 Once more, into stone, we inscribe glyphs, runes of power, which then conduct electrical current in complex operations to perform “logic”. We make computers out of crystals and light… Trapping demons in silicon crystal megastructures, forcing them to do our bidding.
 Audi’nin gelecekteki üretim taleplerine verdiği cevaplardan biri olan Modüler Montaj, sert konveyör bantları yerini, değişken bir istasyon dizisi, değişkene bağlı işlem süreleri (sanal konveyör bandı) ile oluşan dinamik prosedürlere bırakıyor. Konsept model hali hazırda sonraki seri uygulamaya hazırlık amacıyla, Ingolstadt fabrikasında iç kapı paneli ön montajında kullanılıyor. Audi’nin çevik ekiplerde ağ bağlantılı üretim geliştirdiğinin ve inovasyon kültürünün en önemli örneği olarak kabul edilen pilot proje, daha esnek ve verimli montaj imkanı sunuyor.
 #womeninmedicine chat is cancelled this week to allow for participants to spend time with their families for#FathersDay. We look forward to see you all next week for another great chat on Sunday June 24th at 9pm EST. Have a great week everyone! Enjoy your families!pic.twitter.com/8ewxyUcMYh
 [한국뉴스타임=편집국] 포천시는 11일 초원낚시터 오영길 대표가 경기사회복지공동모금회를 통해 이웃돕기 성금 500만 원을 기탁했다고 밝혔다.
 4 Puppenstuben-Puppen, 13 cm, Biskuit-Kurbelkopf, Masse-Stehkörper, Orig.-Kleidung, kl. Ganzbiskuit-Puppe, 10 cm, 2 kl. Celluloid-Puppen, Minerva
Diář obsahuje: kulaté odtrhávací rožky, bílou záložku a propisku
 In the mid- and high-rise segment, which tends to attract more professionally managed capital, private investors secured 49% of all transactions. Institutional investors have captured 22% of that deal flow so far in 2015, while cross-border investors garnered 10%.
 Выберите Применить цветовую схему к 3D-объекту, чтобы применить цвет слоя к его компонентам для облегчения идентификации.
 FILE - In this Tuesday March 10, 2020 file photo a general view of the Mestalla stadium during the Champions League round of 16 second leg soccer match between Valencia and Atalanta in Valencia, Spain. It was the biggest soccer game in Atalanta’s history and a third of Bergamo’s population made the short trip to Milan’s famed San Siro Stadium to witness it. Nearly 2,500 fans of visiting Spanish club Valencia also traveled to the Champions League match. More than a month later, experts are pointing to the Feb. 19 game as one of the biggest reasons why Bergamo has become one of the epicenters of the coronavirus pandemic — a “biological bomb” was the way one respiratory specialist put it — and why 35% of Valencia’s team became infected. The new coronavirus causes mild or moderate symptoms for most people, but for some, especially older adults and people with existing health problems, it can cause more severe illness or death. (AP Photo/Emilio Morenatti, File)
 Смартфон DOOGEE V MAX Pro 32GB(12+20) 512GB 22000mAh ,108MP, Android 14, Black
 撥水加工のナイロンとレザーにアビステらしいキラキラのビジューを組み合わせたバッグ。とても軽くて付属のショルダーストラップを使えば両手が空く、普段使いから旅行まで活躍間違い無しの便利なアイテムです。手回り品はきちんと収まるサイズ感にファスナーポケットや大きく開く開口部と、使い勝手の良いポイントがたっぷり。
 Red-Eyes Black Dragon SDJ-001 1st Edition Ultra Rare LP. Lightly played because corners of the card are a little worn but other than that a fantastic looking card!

* * *

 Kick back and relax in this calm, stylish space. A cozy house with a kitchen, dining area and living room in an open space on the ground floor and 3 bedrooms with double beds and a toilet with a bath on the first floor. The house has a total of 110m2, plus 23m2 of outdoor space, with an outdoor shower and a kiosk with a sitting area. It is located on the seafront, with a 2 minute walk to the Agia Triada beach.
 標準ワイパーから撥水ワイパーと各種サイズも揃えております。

◆ **HOW TO COMPLETE THIS TASK**
Wherever the line holding "In the mid- and" falls in the entries above, copy exactly from it through the line holding "Выберите Применить цветовую", inclusive, and add nothing.

◆ **OUTPUT FOR THIS EXERCISE**
 In the mid- and high-rise segment, which tends to attract more professionally managed capital, private investors secured 49% of all transactions. Institutional investors have captured 22% of that deal flow so far in 2015, while cross-border investors garnered 10%.
 Выберите Применить цветовую схему к 3D-объекту, чтобы применить цвет слоя к его компонентам для облегчения идентификации.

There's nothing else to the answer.